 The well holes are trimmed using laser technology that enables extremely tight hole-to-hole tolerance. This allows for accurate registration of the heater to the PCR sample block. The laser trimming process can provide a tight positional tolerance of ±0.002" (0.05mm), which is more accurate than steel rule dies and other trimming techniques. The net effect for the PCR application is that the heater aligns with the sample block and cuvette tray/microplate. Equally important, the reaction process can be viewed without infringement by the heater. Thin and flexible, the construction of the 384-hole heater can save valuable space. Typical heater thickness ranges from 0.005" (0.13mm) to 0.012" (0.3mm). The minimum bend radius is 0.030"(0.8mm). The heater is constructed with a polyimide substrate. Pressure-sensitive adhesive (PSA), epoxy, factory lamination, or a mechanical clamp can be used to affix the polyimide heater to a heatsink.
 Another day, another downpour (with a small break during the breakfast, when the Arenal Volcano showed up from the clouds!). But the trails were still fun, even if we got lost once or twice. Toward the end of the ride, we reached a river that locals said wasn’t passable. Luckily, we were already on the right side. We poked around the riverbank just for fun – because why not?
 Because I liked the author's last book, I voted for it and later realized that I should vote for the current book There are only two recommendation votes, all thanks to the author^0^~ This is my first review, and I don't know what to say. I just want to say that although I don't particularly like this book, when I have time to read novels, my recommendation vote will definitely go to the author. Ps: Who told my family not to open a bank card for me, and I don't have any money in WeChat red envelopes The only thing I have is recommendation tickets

* * *

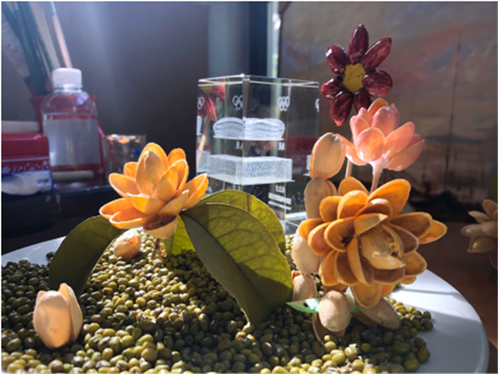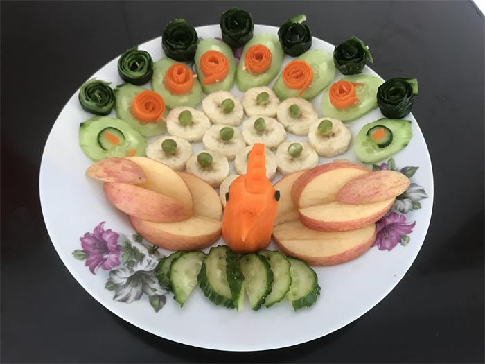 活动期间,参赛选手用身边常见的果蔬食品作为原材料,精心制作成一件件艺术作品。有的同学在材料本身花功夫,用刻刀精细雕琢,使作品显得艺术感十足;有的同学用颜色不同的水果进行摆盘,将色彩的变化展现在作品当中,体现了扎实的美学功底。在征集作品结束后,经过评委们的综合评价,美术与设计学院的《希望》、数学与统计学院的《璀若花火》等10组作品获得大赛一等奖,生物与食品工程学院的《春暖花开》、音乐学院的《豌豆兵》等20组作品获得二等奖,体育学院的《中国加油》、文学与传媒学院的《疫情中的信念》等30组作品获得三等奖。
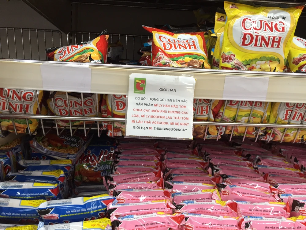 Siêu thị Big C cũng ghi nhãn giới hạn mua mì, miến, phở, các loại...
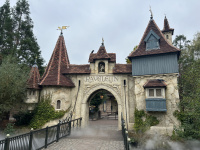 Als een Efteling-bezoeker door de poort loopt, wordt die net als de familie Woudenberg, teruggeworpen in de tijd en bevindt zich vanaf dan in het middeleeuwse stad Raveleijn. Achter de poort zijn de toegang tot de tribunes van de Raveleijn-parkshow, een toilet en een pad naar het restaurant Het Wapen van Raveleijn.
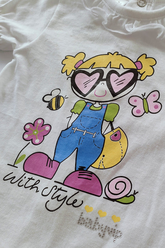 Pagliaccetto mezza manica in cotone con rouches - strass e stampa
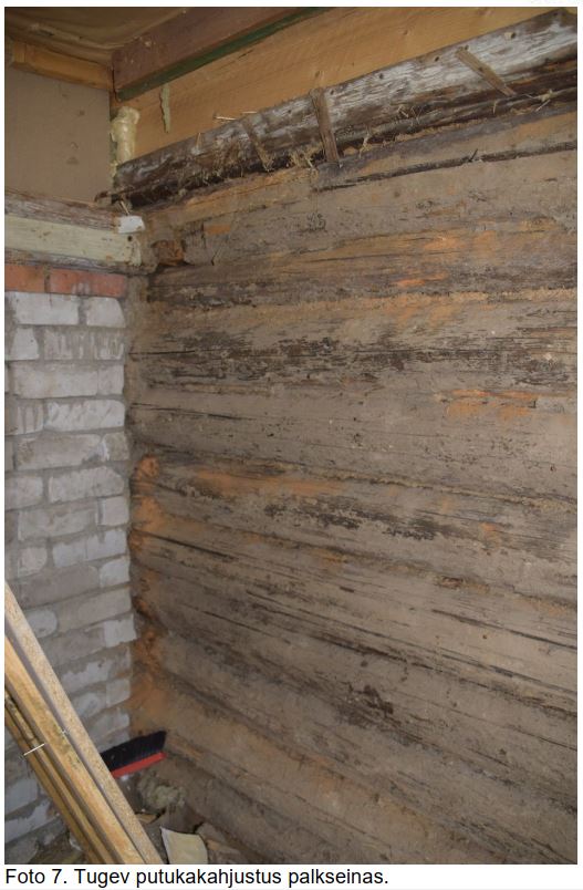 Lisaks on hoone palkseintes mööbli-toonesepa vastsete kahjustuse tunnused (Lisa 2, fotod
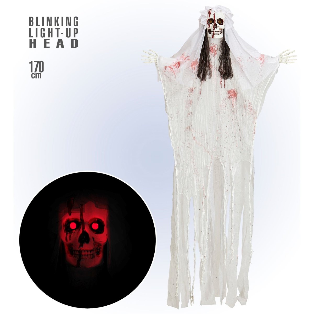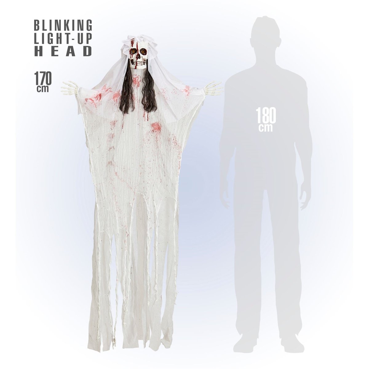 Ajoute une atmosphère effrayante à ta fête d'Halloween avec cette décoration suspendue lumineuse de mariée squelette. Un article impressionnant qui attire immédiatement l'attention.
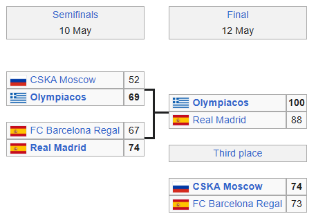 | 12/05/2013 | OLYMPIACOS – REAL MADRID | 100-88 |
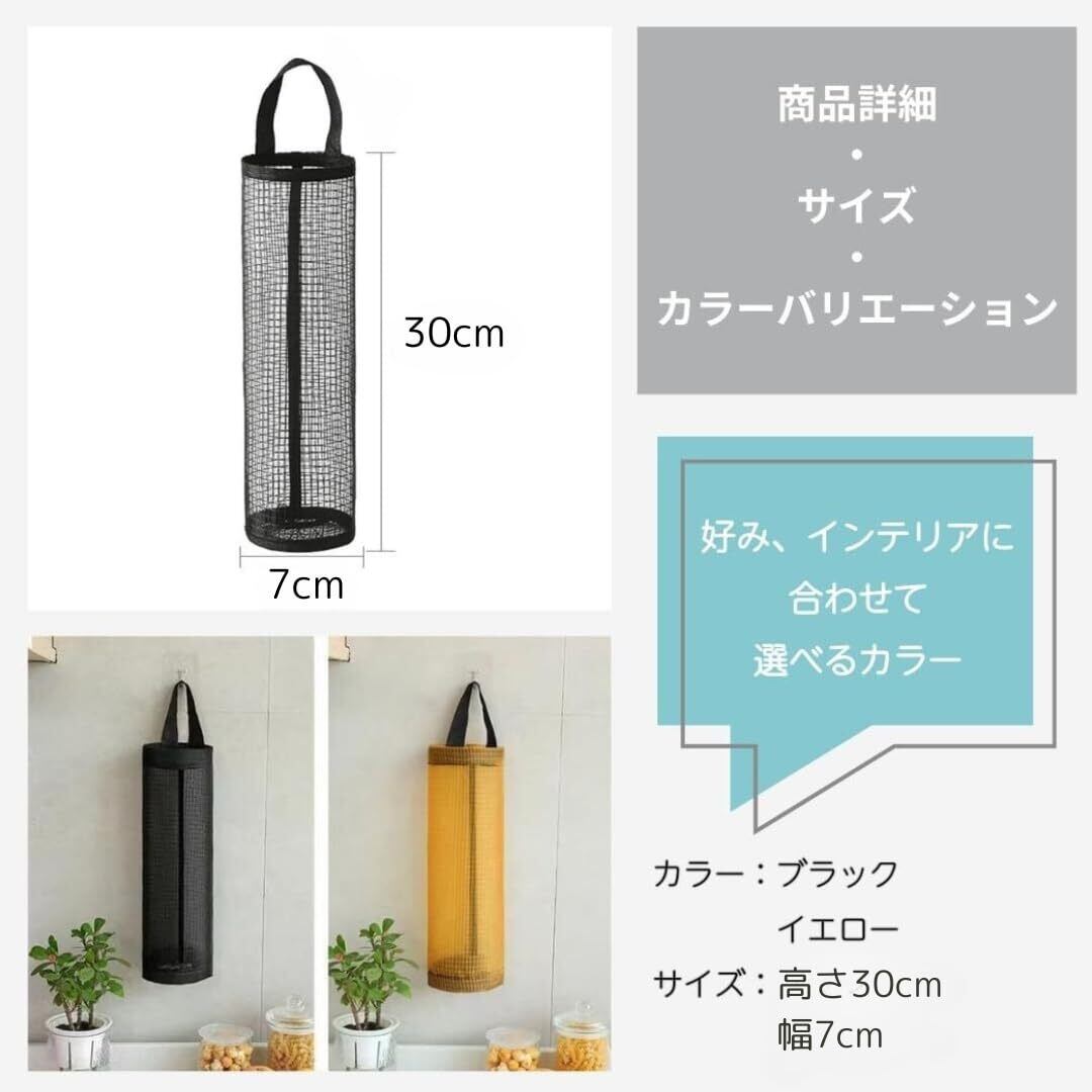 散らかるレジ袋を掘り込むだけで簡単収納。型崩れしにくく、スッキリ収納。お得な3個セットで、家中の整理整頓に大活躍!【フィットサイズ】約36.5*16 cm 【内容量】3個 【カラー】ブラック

---

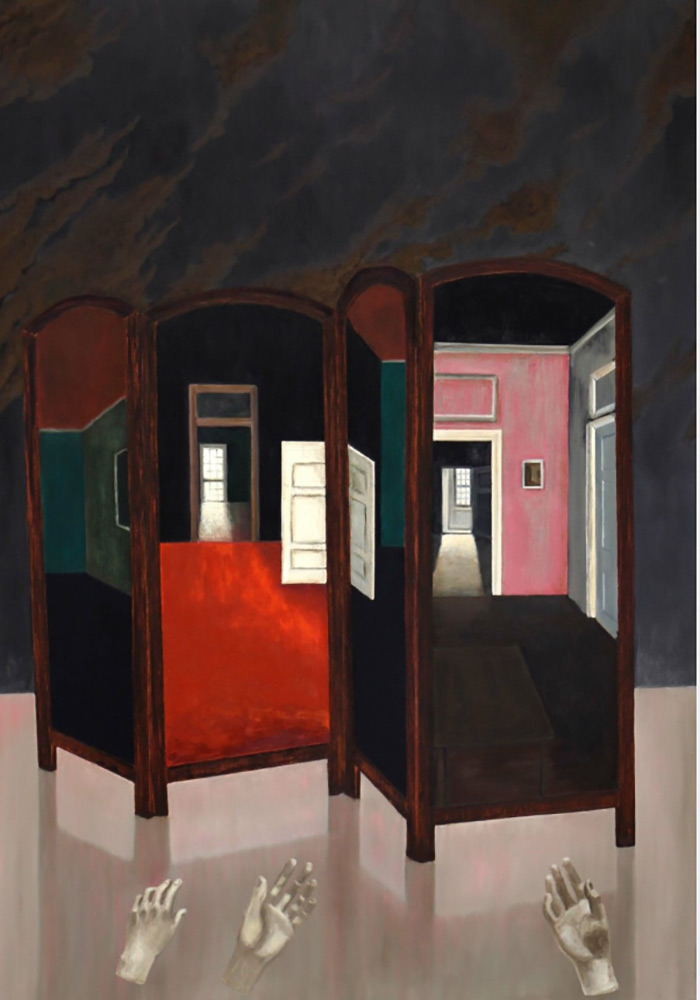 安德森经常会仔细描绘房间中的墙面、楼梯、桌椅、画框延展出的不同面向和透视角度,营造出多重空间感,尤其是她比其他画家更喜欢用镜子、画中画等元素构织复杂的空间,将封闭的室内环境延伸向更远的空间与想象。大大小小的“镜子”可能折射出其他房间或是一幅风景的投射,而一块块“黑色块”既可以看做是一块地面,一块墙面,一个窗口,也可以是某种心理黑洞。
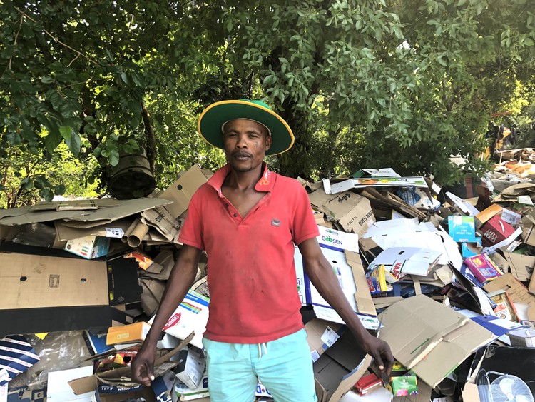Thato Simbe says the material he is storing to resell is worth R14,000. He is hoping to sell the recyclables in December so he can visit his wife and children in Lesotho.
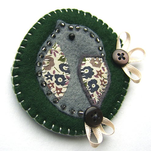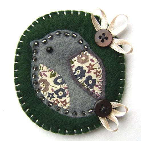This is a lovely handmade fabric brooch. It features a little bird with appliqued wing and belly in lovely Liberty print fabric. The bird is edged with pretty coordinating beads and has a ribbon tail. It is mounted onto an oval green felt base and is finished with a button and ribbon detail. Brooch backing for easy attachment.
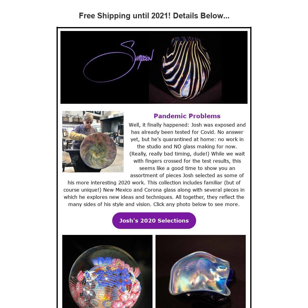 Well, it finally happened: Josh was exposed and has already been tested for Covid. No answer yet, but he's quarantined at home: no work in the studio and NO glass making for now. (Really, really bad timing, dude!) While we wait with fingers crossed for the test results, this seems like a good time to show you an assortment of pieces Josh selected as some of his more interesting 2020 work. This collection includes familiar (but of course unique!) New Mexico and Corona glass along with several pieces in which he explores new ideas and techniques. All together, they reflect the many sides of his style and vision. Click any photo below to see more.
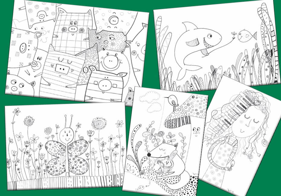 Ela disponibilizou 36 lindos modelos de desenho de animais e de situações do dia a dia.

• _What the task requires_
From the data above, return only the lines starting at the line that holds "Well, it finally" and ending at the line that holds "Ela disponibilizou 36", word for word and without pictures.

• _Final answer_
 Well, it finally happened: Josh was exposed and has already been tested for Covid. No answer yet, but he's quarantined at home: no work in the studio and NO glass making for now. (Really, really bad timing, dude!) While we wait with fingers crossed for the test results, this seems like a good time to show you an assortment of pieces Josh selected as some of his more interesting 2020 work. This collection includes familiar (but of course unique!) New Mexico and Corona glass along with several pieces in which he explores new ideas and techniques. All together, they reflect the many sides of his style and vision. Click any photo below to see more.
 Ela disponibilizou 36 lindos modelos de desenho de animais e de situações do dia a dia.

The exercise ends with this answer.